Parties are a growing trend to be shared on social media. (PHOTO CREDIT: TWITTER.COM)

“Live for the nights I’ll never remember with the people I won’t forget,” Drake, popular R&B and hip-hop artist, said. But what he did not convey was that the next time you are partying, on or off campus, your drunken moments could make you Twitter famous, even if it’s only for a week.

A year ago, the Twitter page SUNYPartyStories (@SUNYPartyStory) was created and now boasts over 65,000 followers who vote every week on 20 photos. A photo wins by having the most cumulative likes and retweets, giving their school bragging rights for hosting the week’s most outrageous party until the next Sunday evening when polls open again.

The creators behind SUNYPartyStories, who would like to remain anonymous because of the page’s content, wanted to create a platform where “college adventures” could compete against each other, like the other mediums that are provided for sports, music, academics and politics.

“How many student’s actually participate in those?” said a representative of SUNYPartyStories. “A much larger percentages of students party.”


Scan a few of @SUNYPartyStory’s photos from previous weeks and you will find everything from keg stands, “up-chuckers,” promiscuous students, artwork, drawn in Sharpie on students faces and even “birthday suits.” But as the Twitter page gains more viewers each week, there has been an increase to see who can capture the wildest party moment on their phones.

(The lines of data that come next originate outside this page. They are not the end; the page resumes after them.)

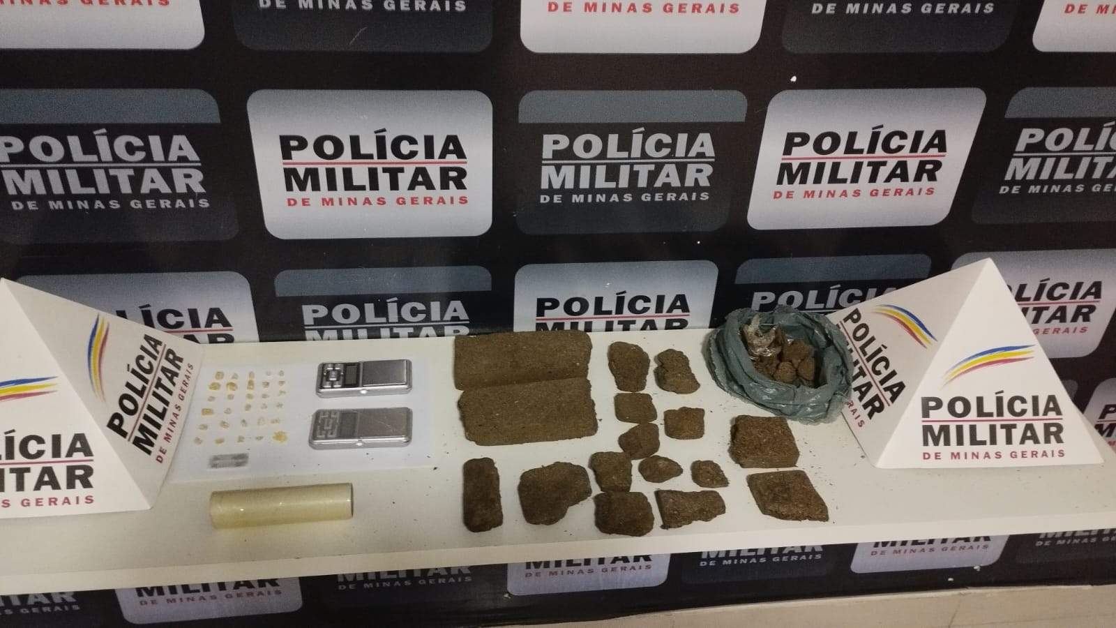 Na residência do autor foram localizadas mais 02 barras e 14 tabletes de maconha, 02 balanças de precisão, 01 bastão de madeira e materiais para embalar as drogas.
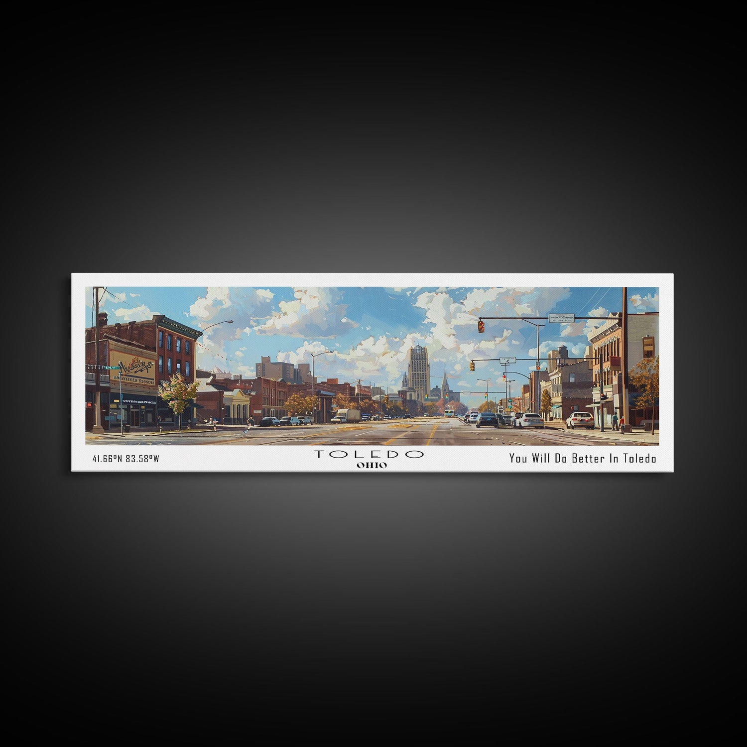 Toledo Ohio Panoramic Framed Canvas Print, Retro Style Wall Art, Living Room Decor, Unique Travel Poster, Artistic Office Gift, Original Artwork
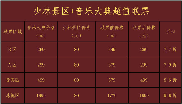 7月1日起,少林景區(qū)與《禪宗少林·音樂大典》強強聯(lián)合,推出“少林景區(qū)+音樂大典超值聯(lián)票”,一張票的價格、兩個王牌項目的超值體驗!
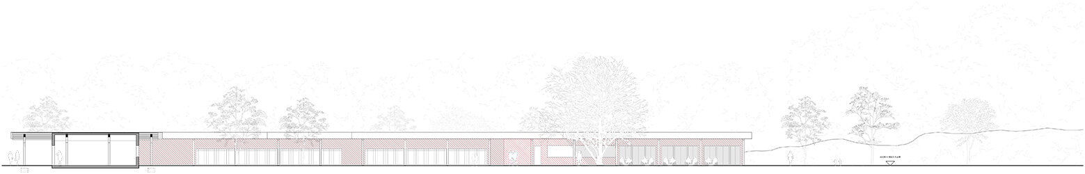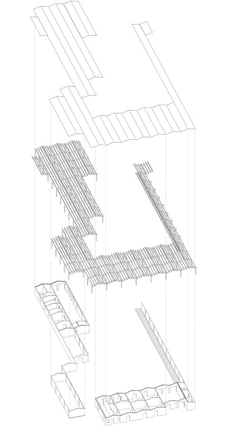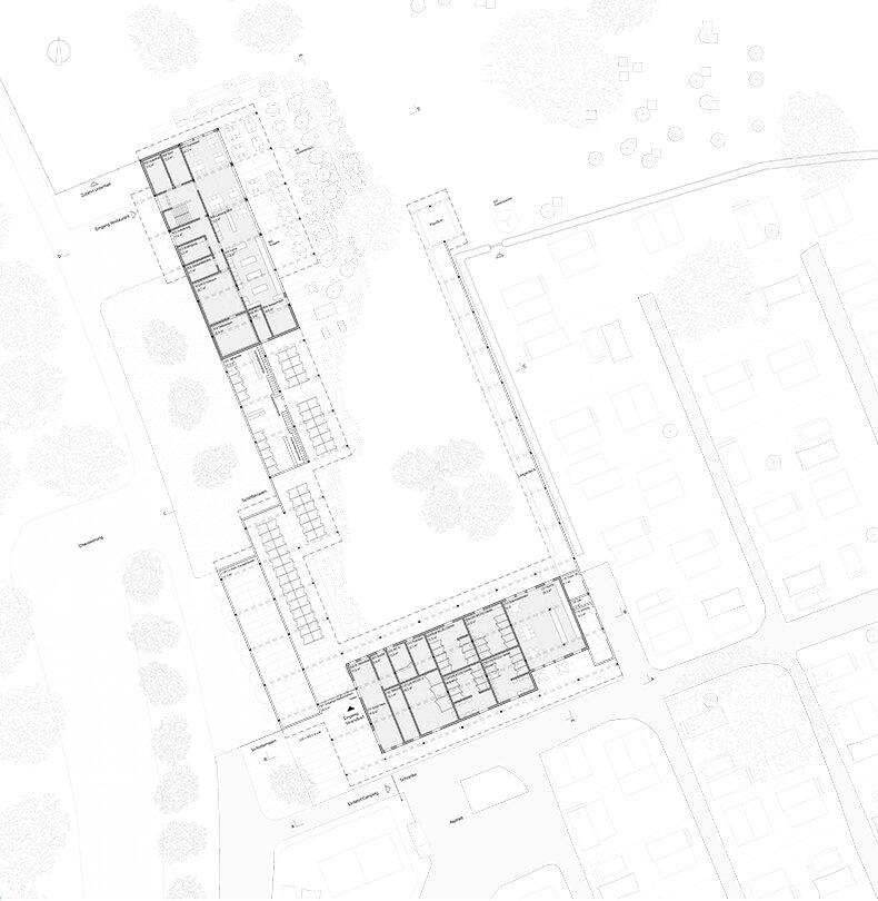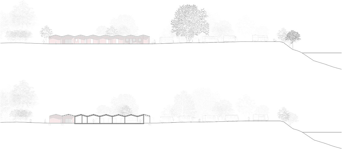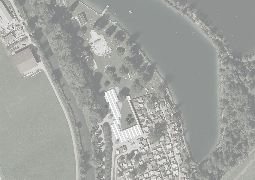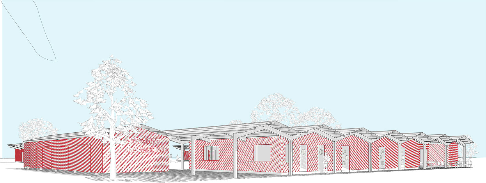 Die an Strandarchitektur erinnernden Satteldachserien mit Veranda und die kreuzweise verschalten Aussenwänden transportieren eine leichte und sommerliche Stimmung. Einem Blätterdach gleich beschatten die halbtransparenten Photovoltaikpanels alle gedeckten Aussenbereiche. Von Aussen werden sofort die zwei durch das Tragwerk geprägten verschiedenen Seiten des Bauwerks sichtbar: Die abgestufte, fast geschlossene Westseite neben der Südseite mit der Satteldachserie und der vorgelagerten Verandaschicht. Nach Innen entpuppt sich das Bauwerk grösstenteils als halboffener Raum unter dem zusammenfassenden Dach.
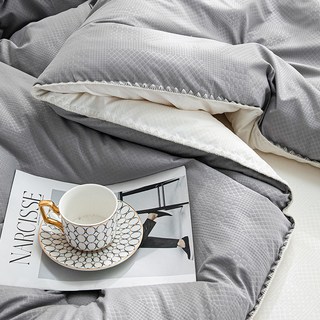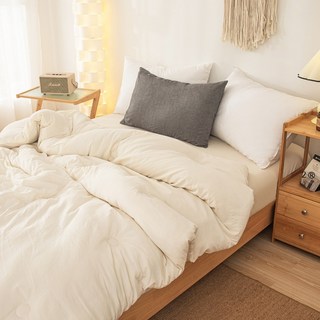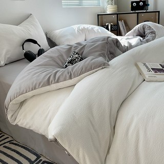 BIKASU 북유럽 사계절 침구세트 이중사 통기 베개커버+침대커버+이불커버 간략하다 시어서커 항균 워싱 세트
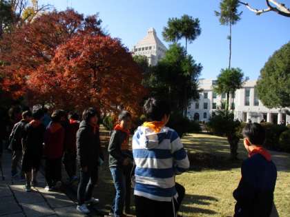 国会議事堂の中は、大理石の床や赤い絨毯が印象的でした。建物を出ると日本全国の県の木が植えられていました。さすが、日本の中心の議事堂でした。
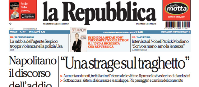 Il conto di morti e dispersi sulla Norman Atlantic, l'ultimo discorso di fine anno di Napolitano, e i dati ISTAT su recessione e disoccupazione
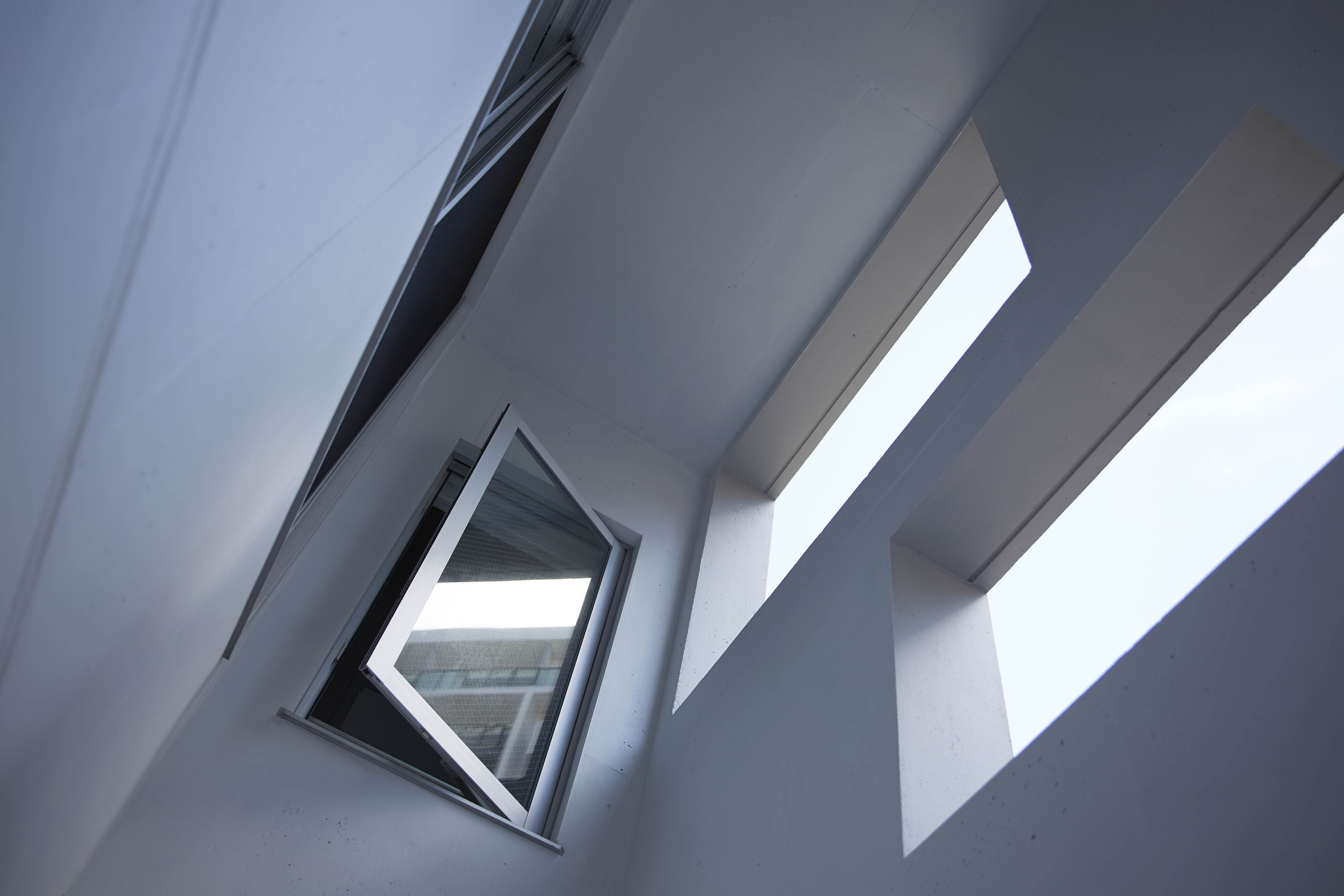 The inside space offers a clever combination of rough concrete and white surfaces, with various wooden items of furniture. The architects also designed what they describe as ‘useless places’: rooms with no predestined function, shared by the two families and that each inhabitant can use as they see fit. Lastly, the pair also designed the stairs, both inside and outside, to act as areas that can be shifted from their primary use. Thus, the large steps can serve as a space to chat, work, or watch what is going on on the street below.
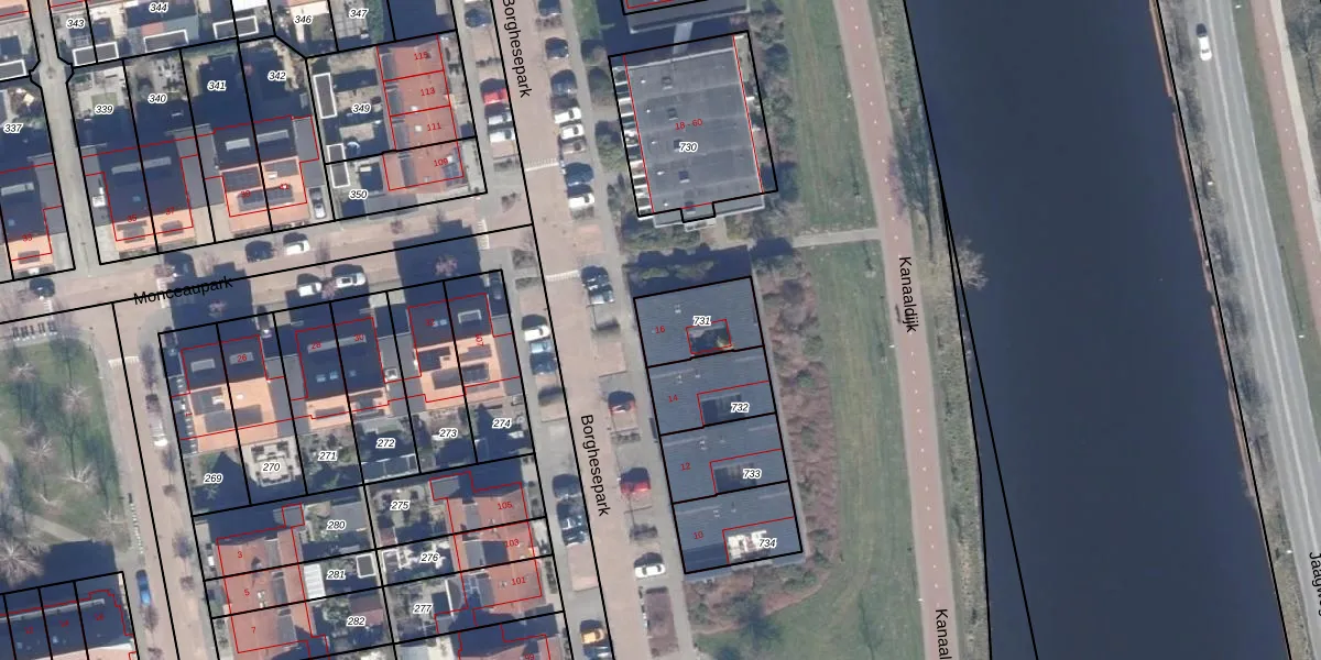 Borghesepark 16 is gelegen op kadastraal perceel PMR00K731. Deze kadastrale aanduiding is uniek en wordt gebruikt door het Kadaster om eigendomsrechten en andere zakelijke rechten vast te leggen. Het perceel maakt onderdeel uit van de kadastrale gemeente Purmerend.
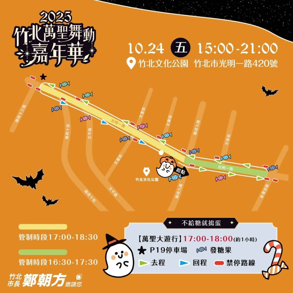 萬聖節重頭戲「萬聖變裝大遊行」將於當日下午五點展開,由市長鄭朝方領隊,從竹北文化公園出發,沿光明一路、文化局、吳濁流路、文祿街、縣政九街、文喜街、文信街一路走街,最後折返至文化公園,全程約一點五小時。遊行期間將進行交通管制,提醒民眾提前改道,造成不便敬請見諒。
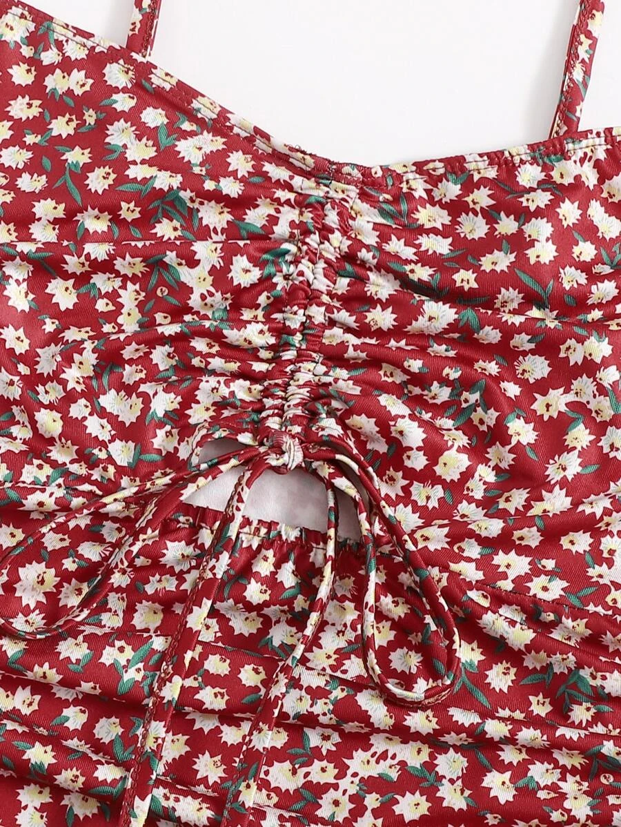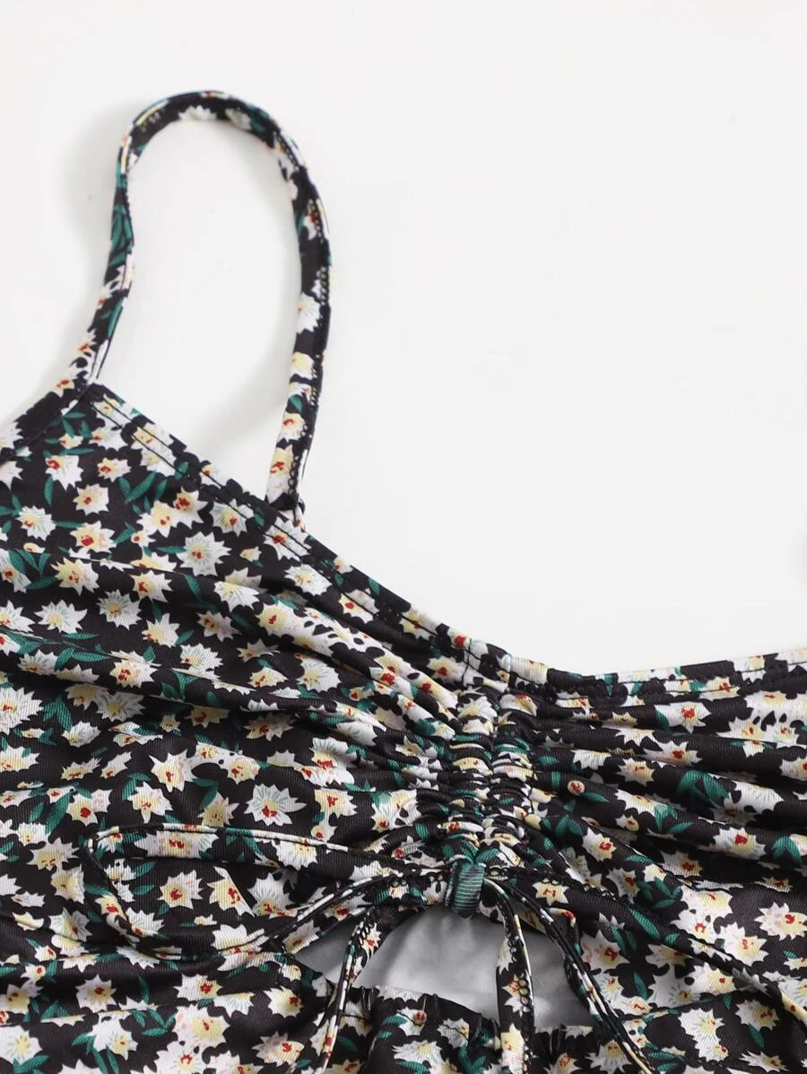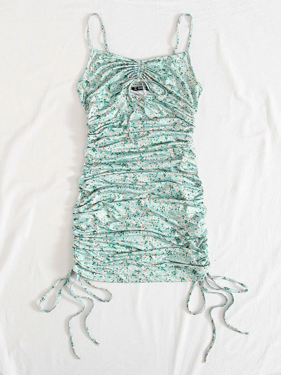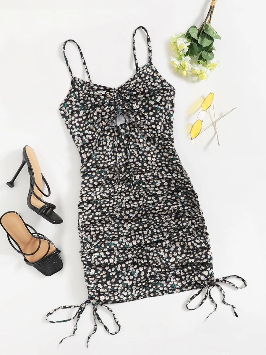 Cut Out Drawstring Knot Front Ditsy Floral Slip Dress11

Armin Radoncic, a sophomore majoring in health sciences, said that the page is pretty funny, but depending on what’s going on in the photo, it could be seen as really embarrassing, especially if you did not consent.

“I would either feel awesome for having a good night,” Radoncic said, “or completely regret whatever it was I was doing.”

This raises a potential problem to the page; it helps bring to light the college lifestyle and gives viewers a laugh, however, students can be shown in their most intoxicated states acting animalistic and while everything seems acceptable in the moment, once the photo is posted, there could be backlashes unbeknownst to those involved.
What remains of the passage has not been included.